I should call this fried green bean recipe “hacked green beans” because of all the shortcuts I took.
Example 1 – I don’t keep buttermilk in the house. Along with disinterest in college football and bafflement over monogram t-shirt pockets, it’s one of several things that makes me a bad Southerner. Since napping children prevented me from running to the store for buttermilk, I mixed sour cream and water together for a sort of “sour cream wash.” It worked beautifully.

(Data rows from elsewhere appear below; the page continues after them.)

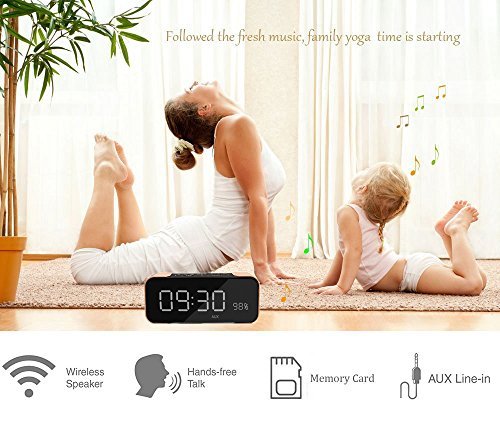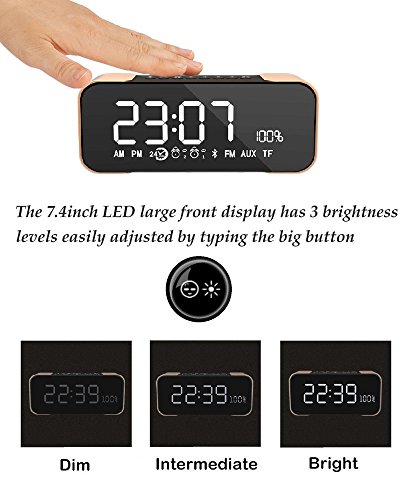 ALL IN ON DESIGN - 7.4 inch large LED display , built in microphone for hands-free phone calls, dual alarm clock, FM radio. 4 brightness settings of LED dimming (high, medium, low, off), to adjust the display to fit your personal preference during the day or at night
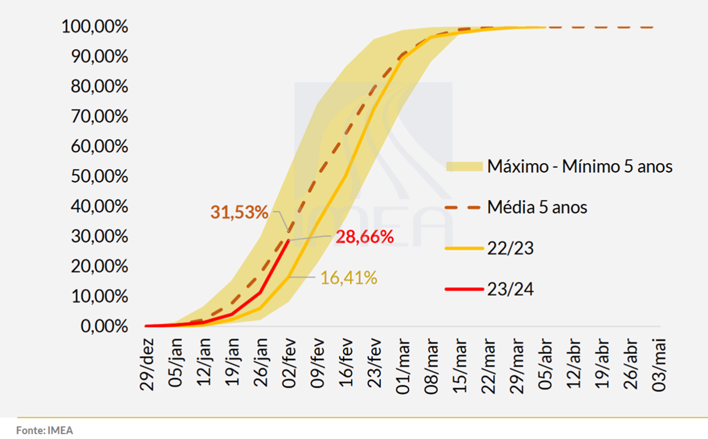 Dans la municipalité de Canarana, dans l'est du Mato Grosso, de nombreux agriculteurs vont réduire leurs superficies en safrinha, faute de rentabilité. Au lieu de cela, ils peuvent semer du sésame ou du sorgho en grains. Vous trouverez ci-dessous le rythme de semis de safrinha 2023/24 dans le Mato Grosso (ligne rouge) établi par l’Imea.
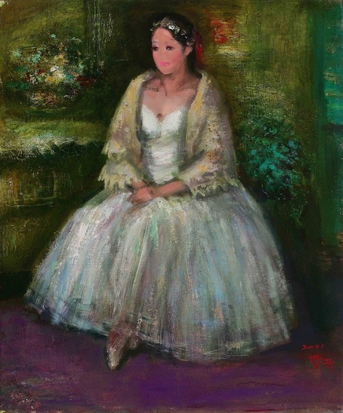 油彩 畫布 2001 簽名右下:2001 哲哉 46×40cm (18.1×45.7 in.) 出版: 《印象經典VI,新世紀的期約,四大名家特展-沈哲哉、陳銀輝、陳景容、 王守英》,印象畫廊,台北,2001,頁15。
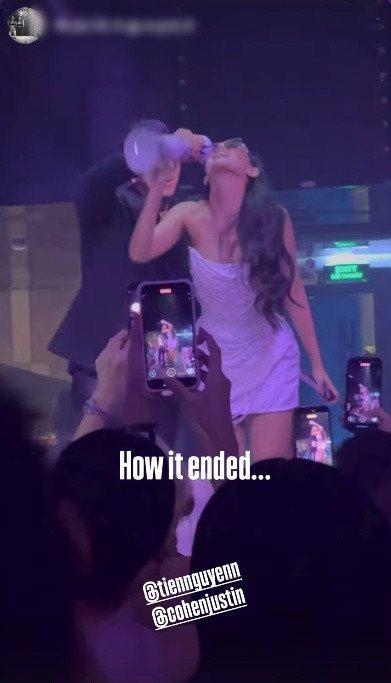 Cô dâu Tiên Nguyễn thay một bộ váy màu trắng phom ngắn, quẩy hết mình cùng chú rể và bạn bè thân thiết. Chú rẻ cũng thay bộ suit đen thoải mái hơn. Cặp đôi không ngại trao nhau nụ hôn tình tứ trước quan khách.
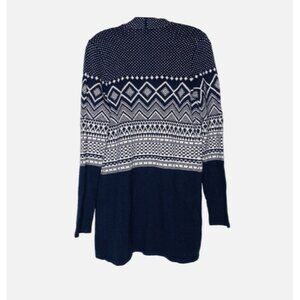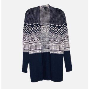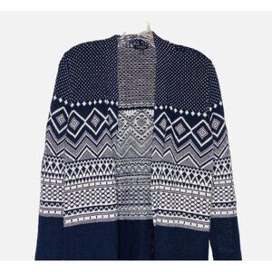 Talbots Cardigan Womens XS Navy Blue White Fair Isle Open Sweater
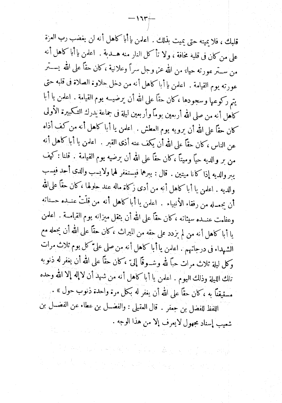 اعْلَمَنَّ يَا أَبَا كَاهِلٍ أَنَّهُ مَنْ شَهِدَ أَنْ لَا إِلَهَ إِلا اللَّهُ وَحْدَهُ مُسْتَيْقِنًا بِهِ، كَانَ حَقًّا عَلَى اللَّهِ أَنْ يَغْفِرَ لَهُ بِكُلِّ مَرَّةٍ وَاحِدَةٍ ذُنُوبَ حَوْلٍ ".
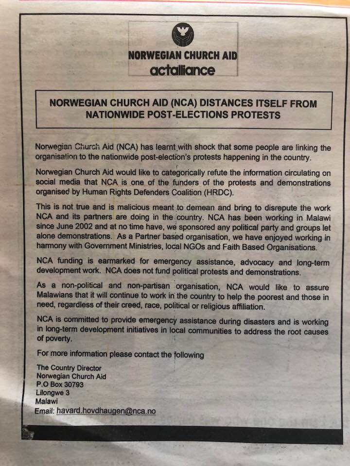 Norwegian Church Aid (NCA) has distanced itself from rumours hovering on the social media that the organisations is funding the ongoing demonstrations organized by Human Right Defenders Coalition (HRDC) aimed at forcing Malawi Electoral Commission (MEC) Chairperson Dr. Jane Ansah.
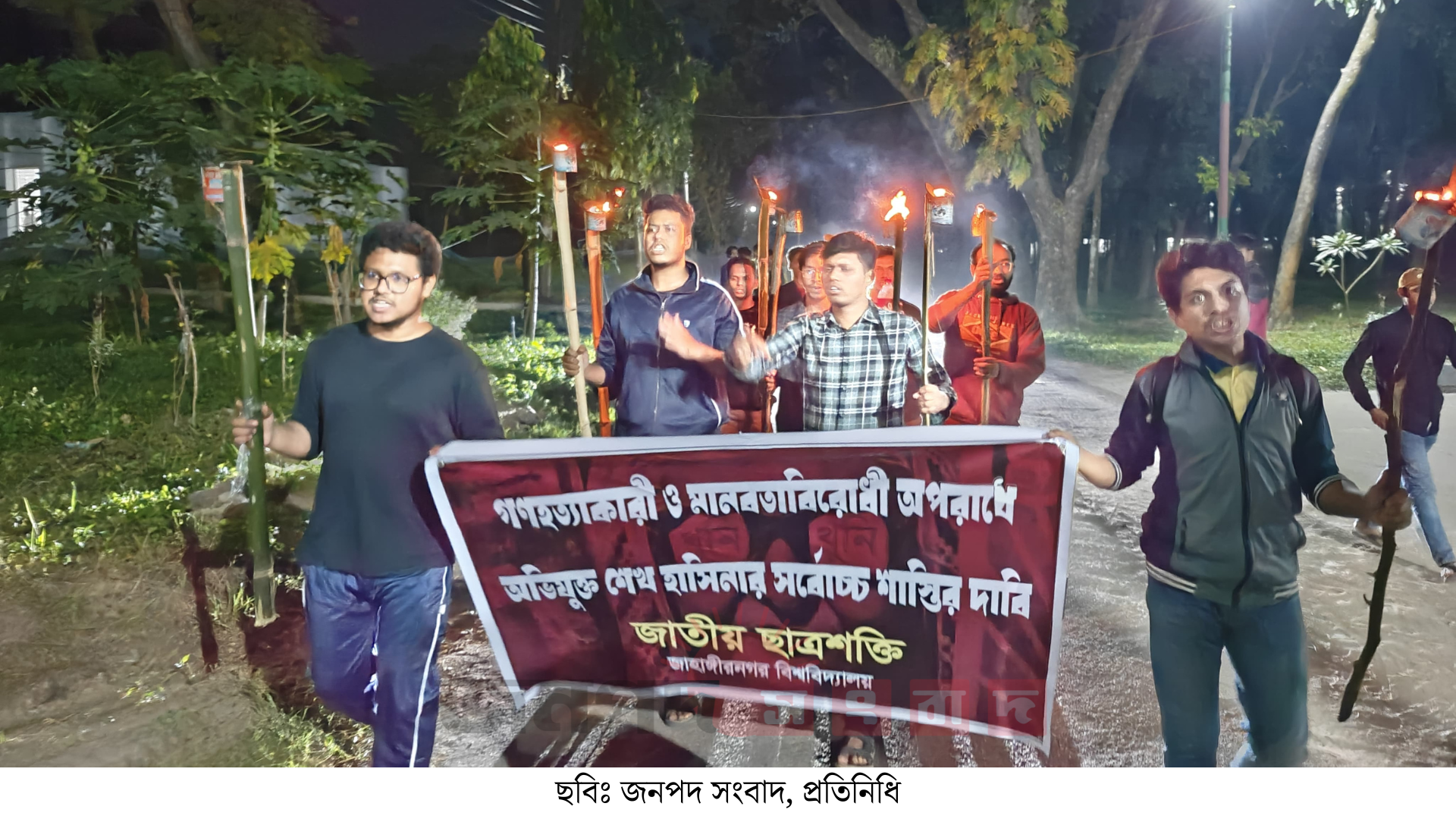 গণহত্যা ও মানবতাবিরোধী অপরাধের অভিযোগে অভিযুক্ত শেখ হাসিনার সর্বোচ্চ শাস্তির দাবি জানিয়ে মশাল মিছিল করেছে জাতীয় ছাত্রশক্তি, জাহাঙ্গীরনগর বিশ্ববিদ্যালয় শাখা।
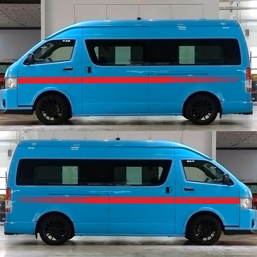 2 шт., декоративные наклейки для дверей гоночного автомобиля, линии талии, боковые полосы, для Toyota Hiace, авто Декор, виниловая пленка, наклейки, аксессуары

I may never buy buttermilk again.
Example 2 – I really hate dragging out the deep fryer or the dutch oven (told you I was a bad Southerner.) I fried these green beans in an iron skillet instead with great results. Maybe I should hack my way through the kitchen more often.
Fried Green Beans with Horseradish Sauce
- Peanut oil for frying
- 1 cup flour
- 1 cup cornmeal
- 1 Tbsp creole seasoning (like Tony Chachere)
- 1 lb green beans, trimmed
- 1 cup buttermilk or “sour cream wash” (see post)[br]
- [br]For Sauce
- 1/2 cup sour cream
- 2 Tbsp prepared horseradish
- 1 tsp Worcestershire sauce
- Pour oil into an iron skillet to a depth of 1.5″-2″ and heat to 375 degrees (this is medium heat on my stove with an iron skillet)
- In a medium bowl, combine flour, cornmeal, and creole seasoning
- Dip green beans in buttermilk then dredge in flour mixture to coat
- Fry in batches until crisp and golden brown, approximately 3-5 minutes
- Remove from oil and drain on paper towels.
- Serve warm.
- Whisk together sour cream, horseradish, and Worcestershire sauce.